[PROBLEM TO WORK ON] Return every line of the records, exact and in full, until you have returned the line with "- Resorte de", and include none of the pictures.

[DATA PROVIDED]
+ + + +

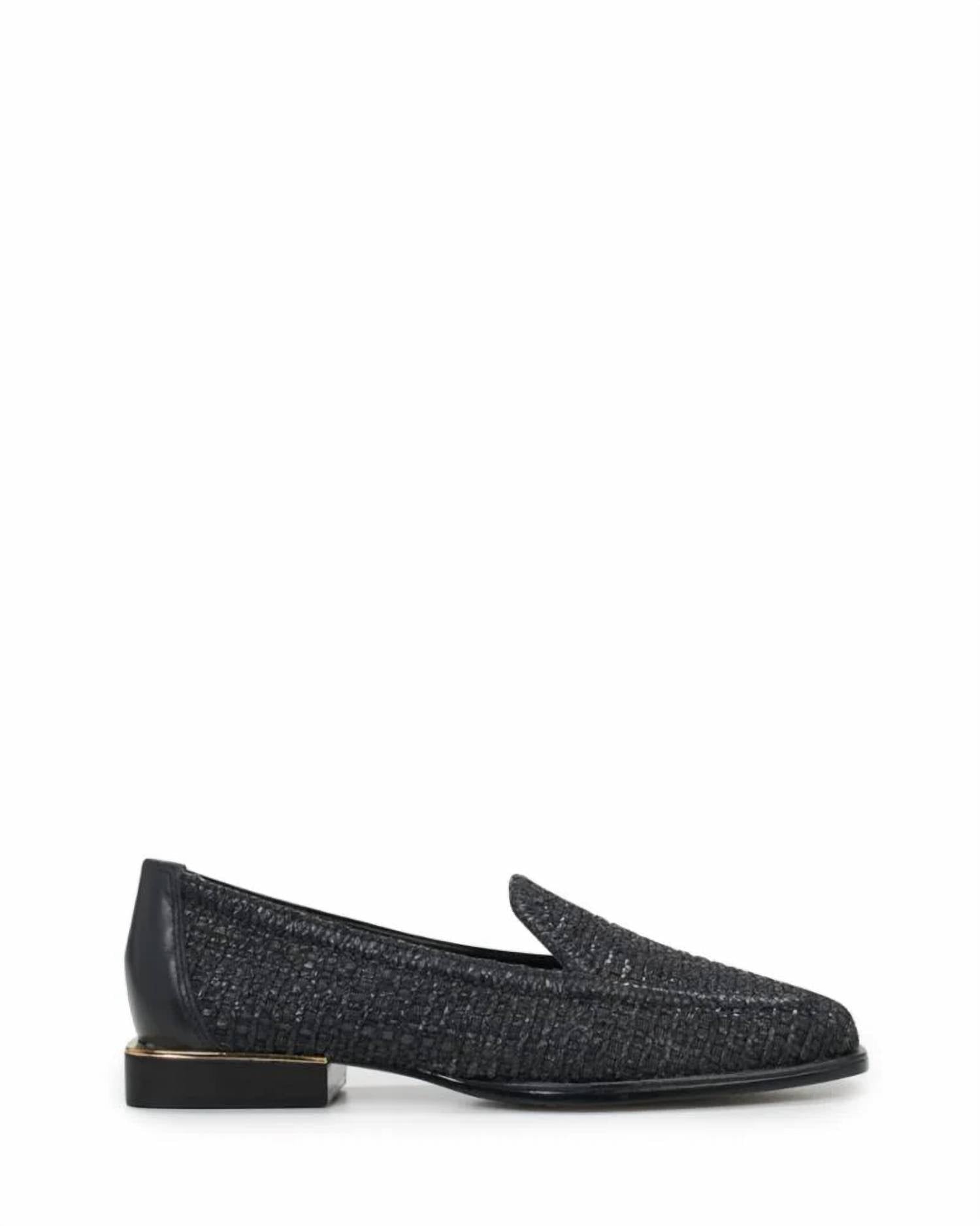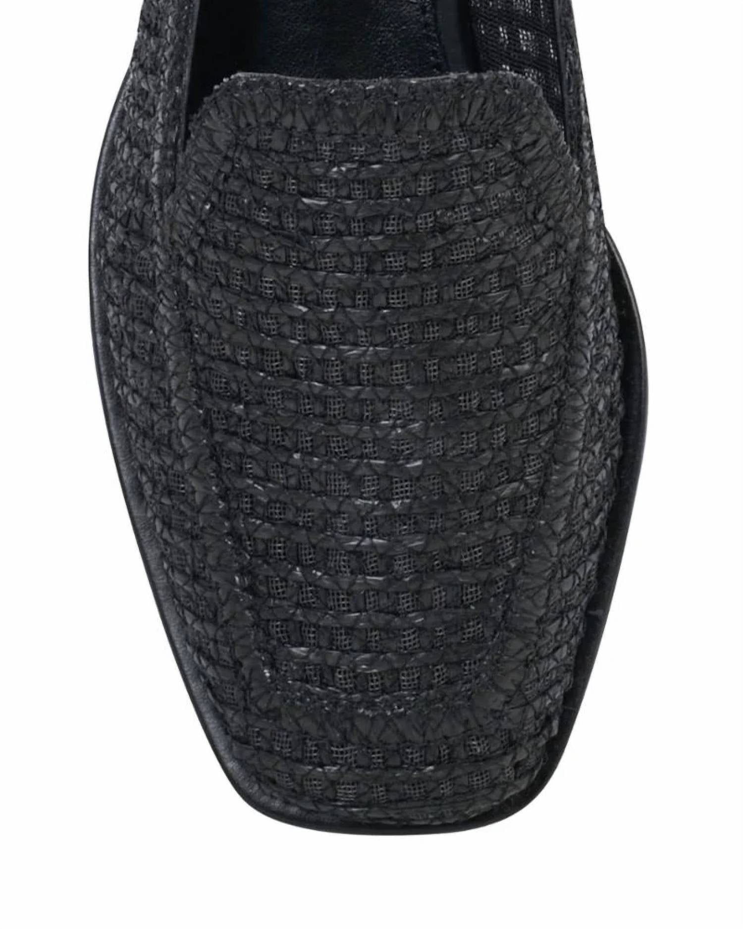 A classic loafer that is both comfortable and polished. Classic loafer with a raffia material. classic silhouette and padded .
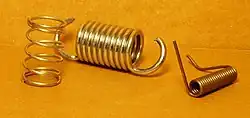 - Resorte de torsión: cualquier resorte diseñado para ser torcido en lugar de comprimido o extendido.[15] Usado en los sistemas de suspensión de vehículos como barras de torsión.
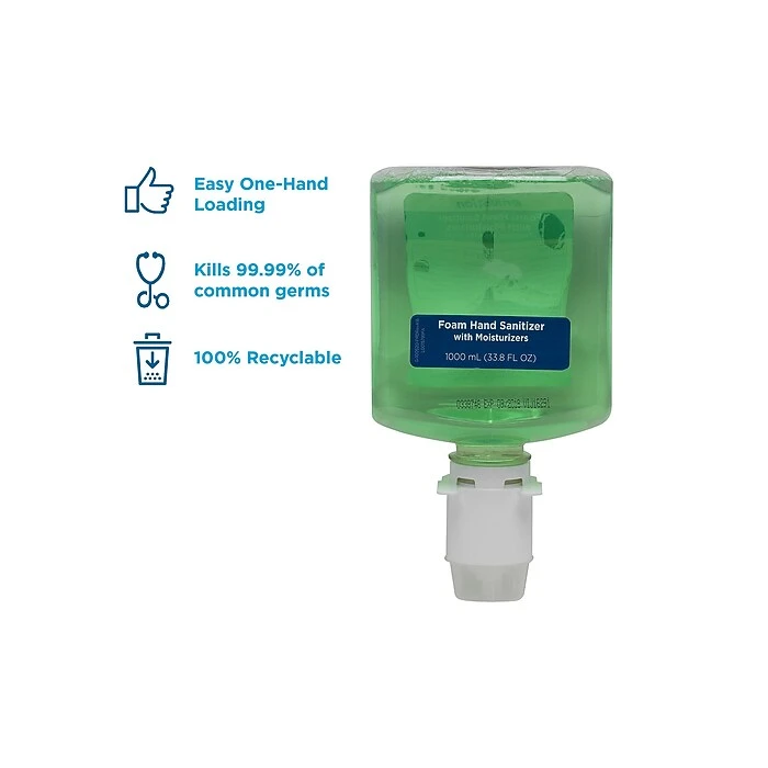 Kill germs while preventing hands from drying out with this case of two fragrance-free foam hand sanitizer. Compatible with enMotion Gen2 touchless sanitizer dispensers, these refills install quickly, and their enhanced formula kills 99.99% of common germs. This enMotion fragrance-free hand sanitizer is made with aloe and moisturizers to keep hands soft.
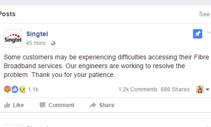 "We advise affected customers who are also Singtel postpaid mobile subscribers to use their Singtel mobile broadband in the meantime," said Singtel in the later post.
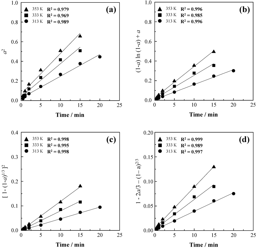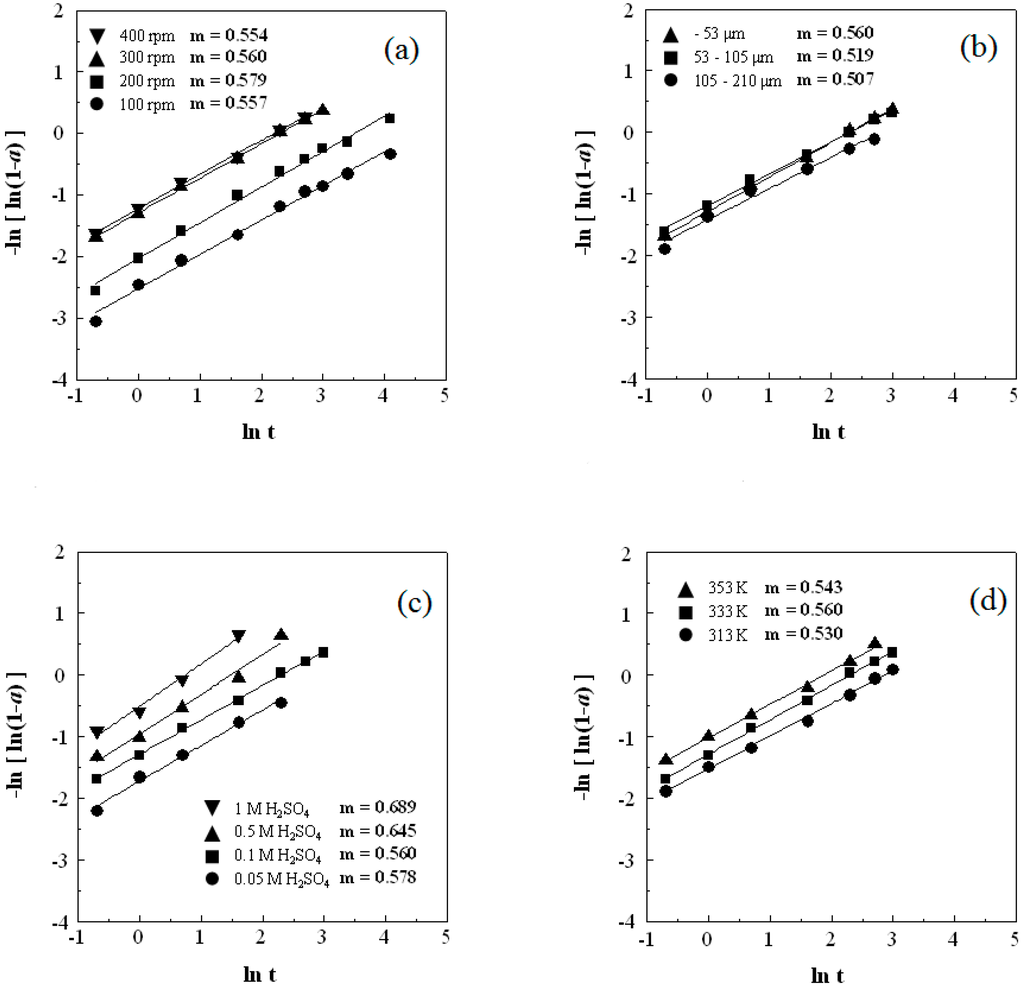 Figure 6c shows that the m-values increased with an increasing initial H2SO4 concentration from 0.578 to 0.689. These results suggest that the diffusion mechanism changes with the initial H2SO4 concentration [25]. However, the m-values were almost constant under variable agitation speed (m-values: 0.554–0.579), particle size (m-values: 0.507–0.560) and reaction temperature (m-values: 0.530–0.560) conditions. Further, all of the m-values in these experiments were below 0.70, indicating that the mechanisms for all of these reactions may be diffusion-controlled.
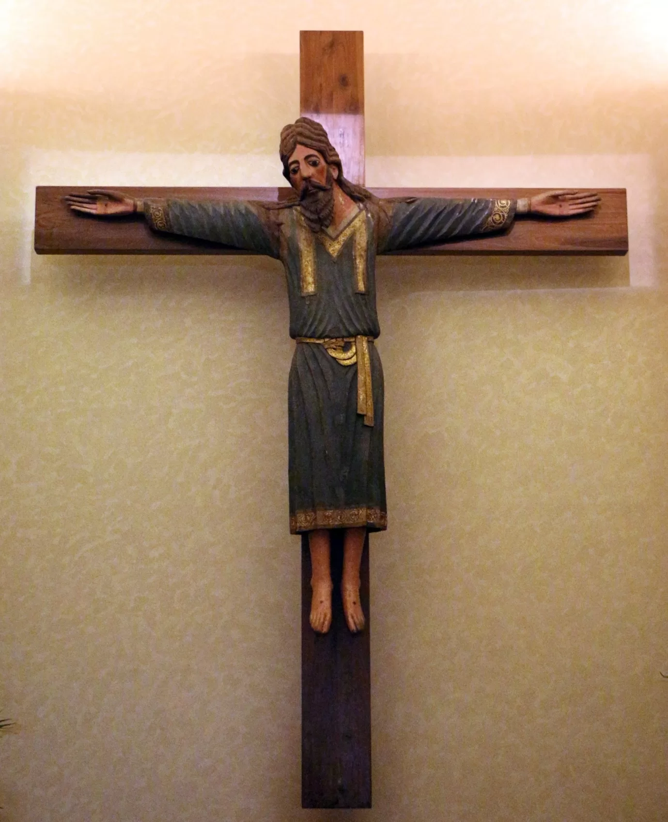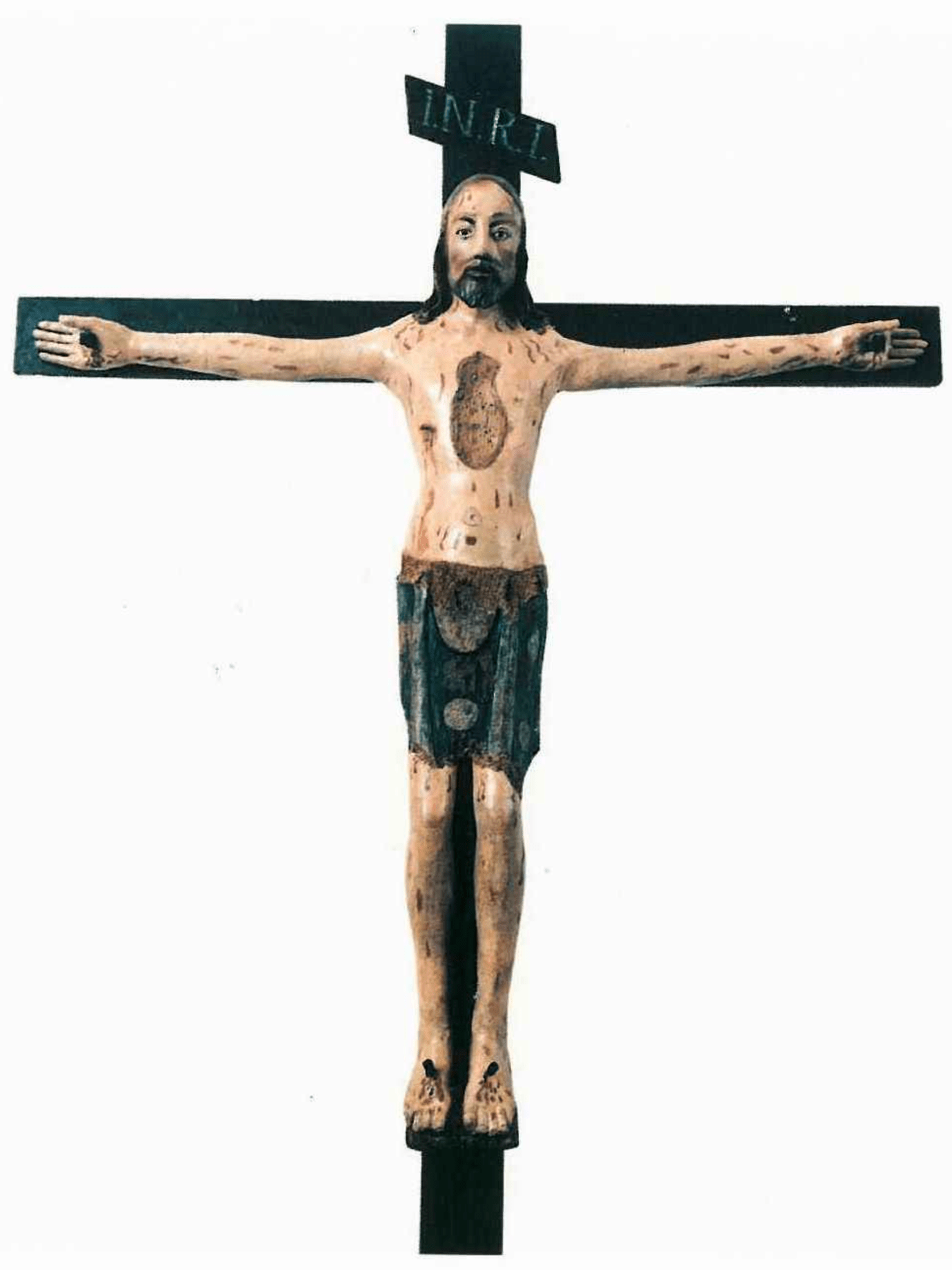 A religious cross with a crucifixion Description automatically generated

+ + + +

[ANSWER BOX]
 A classic loafer that is both comfortable and polished. Classic loafer with a raffia material. classic silhouette and padded .
 - Resorte de torsión: cualquier resorte diseñado para ser torcido en lugar de comprimido o extendido.[15] Usado en los sistemas de suspensión de vehículos como barras de torsión.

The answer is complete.